Use X Search Sources in Cortex
X Search sources poll query results instead of one profile or curated list. They work best when the signal is defined by a topic, event, or keyword pattern.
Add one X search query and Cortex polls matching posts through the X API integration.
Sort order and engagement thresholds help decide whether you want ranked relevance or more systematic capture of newer matching posts over time.
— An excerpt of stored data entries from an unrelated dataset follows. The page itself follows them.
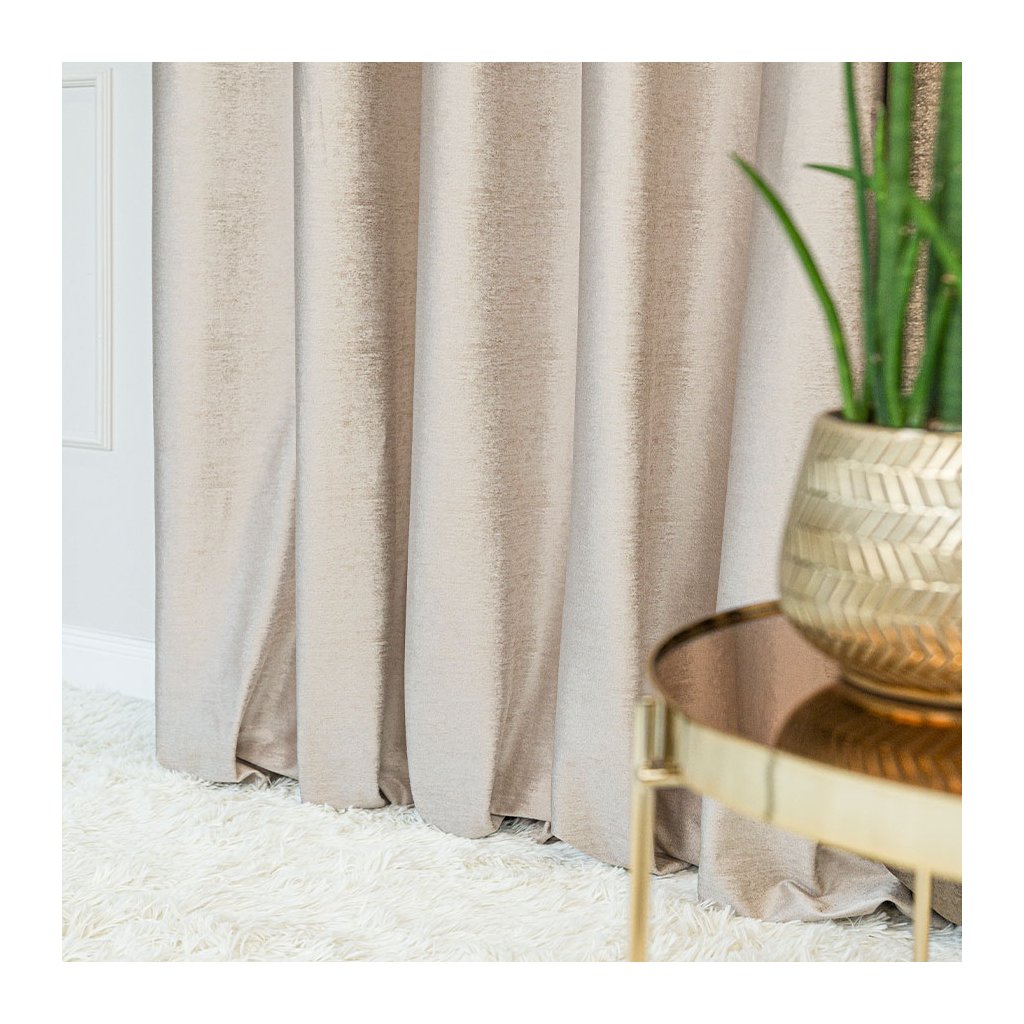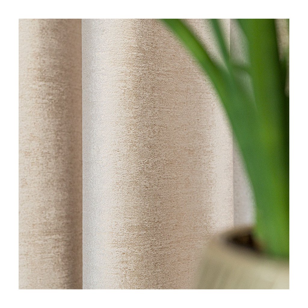 Elegantný zamatový záves s jemnou zlatou potlačou dodá interiéru luxusný, teplý charakter. Husto tkaný zamat krásne splýva a pri dopade svetla vytvára noblesný, jemne sa meniací lesk – dokonale zvýrazní okno v modernom aj klasickom štýle.
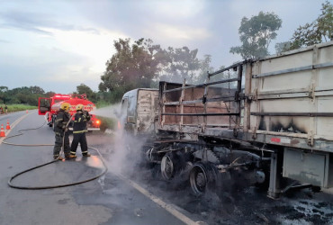 Coube aos bombeiros combaterem as chamas e resfriar o veículo, eliminando qualquer possibilidade de riscos secundários.
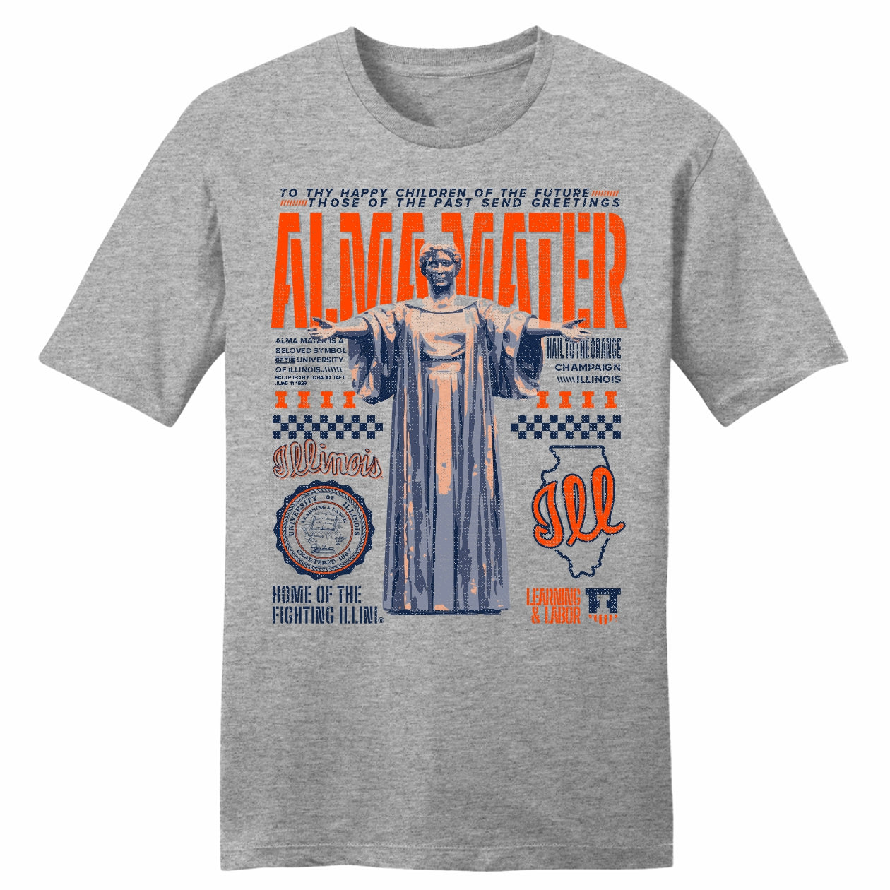 Go Illini! This Illinois t-shirt is perfect for showing your Illini pride! This tee features a grey body with an orange and blue Alma Mater design that will really make your Illinois spirit shine through! This is an officially licensed collegiate product.
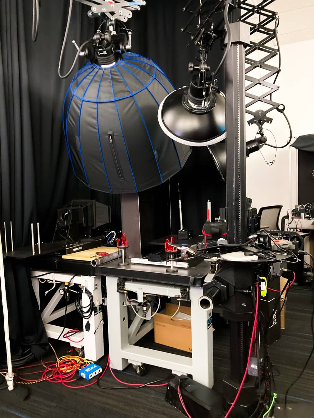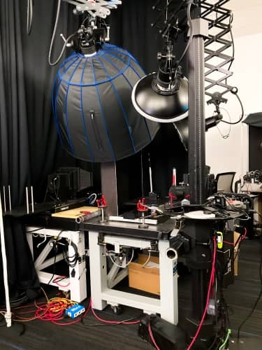 So The Three Amigos camera, how do I… I mean, how do I even describe this? Picture a giant camera, multiply it by three, and then put on three giant lenses, the biggest lenses you’ve ever seen. Nathan has built this custom stand for them. And so it puts them all in a row. And the lenses of them probably extend over a foot long.
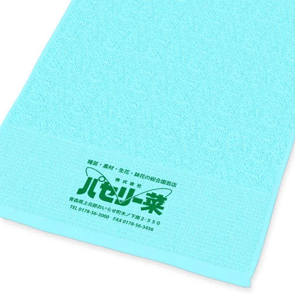 生地色:青印刷方法:片側1色名入れ印刷色:緑(2561)書体:データ入稿レイアウト:4行タイプイラスト・ロゴ:データ入稿

- Communities defined by phrases, hashtags, or query logic
- Live event monitoring across many unrelated accounts
- Early topic discovery before you know the key accounts
- Search-driven monitoring where manual list curation is too narrow
Use X Search when the signal is broader than any single account or curated list. This is the right connector when your real source definition is the query itself.
X Search Setup
Start with the narrowest useful query you can write, then decide whether you want recency or relevancy. Add engagement filters only after the query shape itself is doing most of the work.
You need an active X API credential. For the full field reference, see Create Source in the API docs.
Key Configuration Fields
| Name | Description |
|---|---|
| Search Query |
Write the exact standing query you want Cortex to monitor. This connector works best when the signal is defined by topic, event, or keyword logic instead of fixed accounts.
Example
solana has:links -is:retweet lang:en
|
| Sort Order |
Use recency when you want systematic capture of newer matching posts over time. Use relevancy when you want X’s ranked search results for the query instead.
Example
recency
|
| Max Tweets per Poll |
Lower this when a broad query returns too much volume in each poll cycle.
Example
50
|
| Engagement Filters |
Use minimum likes, retweets, or replies when the query is too broad and you only want the posts that are already attracting attention.
Example
Min Likes = 5
|
| Content Max Age |
This still applies as a shared per-source ingestion limit when you want Cortex to ignore older matching posts after they surface in the query results.
Example
7
|
Examples
These examples show common ways to turn a standing X query into a usable source.
Topic Monitor Query
Standing topic query with boolean terms, exclusions, and an engagement threshold. Use this when the query logic itself defines the source better than any fixed account list.
Query operators: Use OR between terms, parentheses for grouping, -is:retweet / -is:reply to exclude, has:links for link-bearing posts, min_faves:N for engagement threshold.
Sort order: recency uses incremental cursor-based polling. relevancy re-ranks on each poll and may return duplicates.
Troubleshooting & FAQ
The source will not activate.
X sources require an active organization-scoped X API credential.
If the credential is missing or invalid, Cortex cannot poll the X API at all.
The query returns too much noise.
Tighten the query first.
Add operators, exclusions, or quoted phrases before leaning too hard on engagement filters, because a better query usually improves the source more than threshold tuning does.
What is the practical difference between relevancy and recency?
Relevancy follows X's ranking for what seems most relevant to the query.
Recency is better when you want a steadier capture of newer matching posts over repeated polls.
When should I use X List or X Profile instead?
Use X Profile when one account matters most. Use X List when the signal comes from a curated account set. Use X Search when the signal really is the query logic itself.